To those interested in running for an enumerated position in the Student Union, campaigning and petitioning can only occur publicly in a specified time period. The Judicial Council is set to publicize the timeline for campaigning within the next two months.
The senate then listened to the nomination of Eliza Smith for co-director of Diversity and Inclusion – Race and Ethnicity, as submitted by student body president Patrick Lee and vice president Sofie Stitt.
Eliza Smith is a senior from Atlanta, Georgia, living in Johnson Family Hall. In addition to working with the department of Diversity and Inclusion, Smith is a member of the Department of Gender Relations – LGBTQ+ Advocacy, a Senior Fellow of Johnson Family Hall and a Building Bridges Peer Mentor.

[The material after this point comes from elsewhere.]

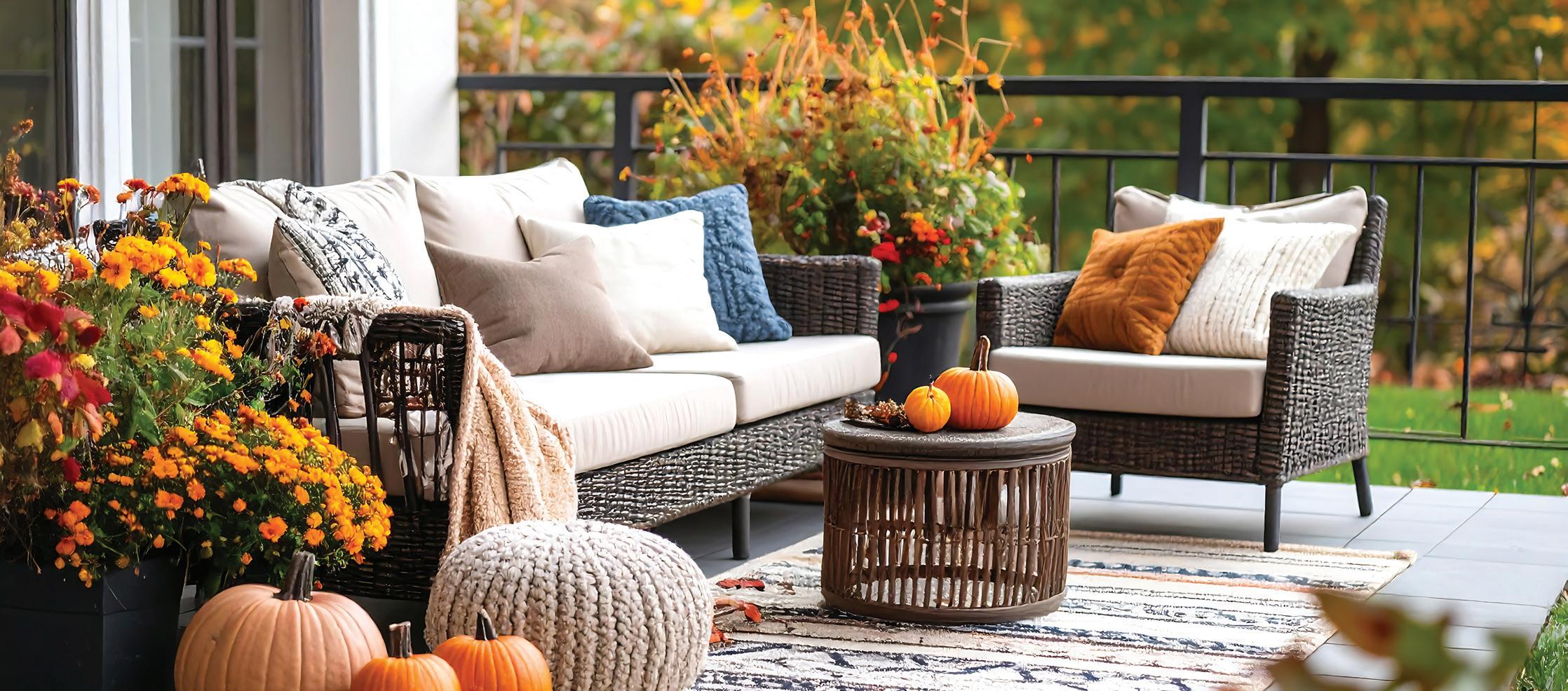 Larger pots create more impact and help plants hold moisture longer, while a collection of smaller planters can add charm with variety. Complete the arrangement with gourds, lanterns or copper details for an inviting fall finish.

Smith said that her goals for the department include focusing on the upcoming Walk the Walk Week and reaching out to multicultural clubs.

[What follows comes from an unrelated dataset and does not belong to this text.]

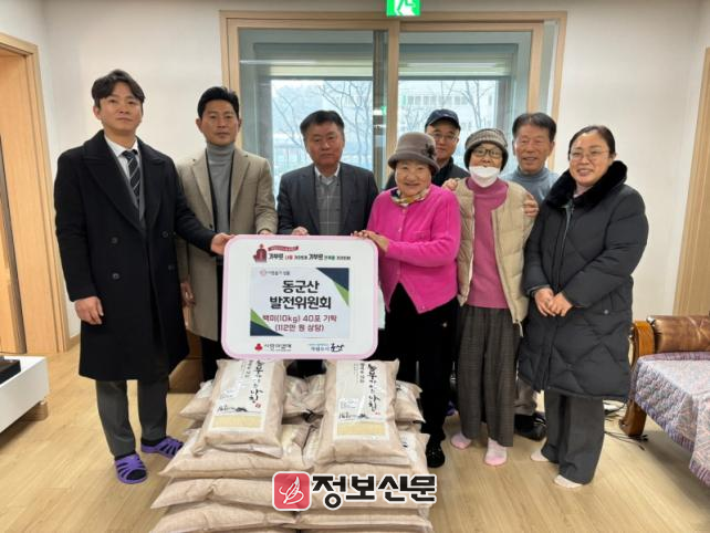 동군산발전위원회 관계자는 “이번 기부는 단순한 나눔을 넘어 신역세권 지역 어르신들의 생활 환경 개선과 복지 지원을 목표로 한 실질적인 지원의 일환.”이라고 설명했다. 이어 “앞으로도 신역세권 지역 발전과 주민 삶의 질 향상을 위한 다양한 활동을 이어갈 계획.”이라고 덧붙였다.

“We really want to empower the multicultural clubs on campus and find ways to fund their opportunities …We’re really excited to work with groups that haven’t necessarily had the spotlight in a while, like the Native American Student Alliance and the LatinX club,” Smith said.
Before the senate voted, Stitt voiced her support for Smith.
“Eliza is an absolute force. From the first time I talked to her, her energy was contagious . . . The presence she carries is really strong and we are incredibly excited,” Stitt said.
The senate voted unanimously to install Smith as co-director of Diversity and Inclusion.
Stitt then introduced order SO2223-15, which would amend the senate bylaws such that non-Senator voting members can nominate another member of their organization to attend senate on their behalf. For example, under this order, if the junior class council president had a class during senate meetings, they could nominate their vice president to attend and vote for the junior class council.
Because the senate bylaws do not allow for a long-term proxy, non-Senator voting members with scheduling conflicts could not participate fully in senate. With the unanimous passage of this order, that difficulty was eliminated.
Senators also updated their peers on resolutions currently in the works. Eliza Smith described her work on a resolution which would increase LGBTQ+, racial, and ethnic minority representation in the university counseling center counselors. Smith’s department conducted a survey to fully understand how more diverse counselors would impact students.
Kate Brandin, the senator from Walsh Hall, said that though this resolution focuses on increasing visibility for LGBTQ+ and minority students, the increased number of counselors would benefit all Notre Dame students.
Finally, Lauren Taylor, the senator from McGlinn Hall, updated the senate on her resolution focusing on self-scheduling at the UHS.
“UHS has now implemented a pilot program, which allows students to self schedule physical appointments though the portal,” Taylor said. Self-scheduling can be accessed on the student health portal.
After closing announcements, the meeting was adjourned.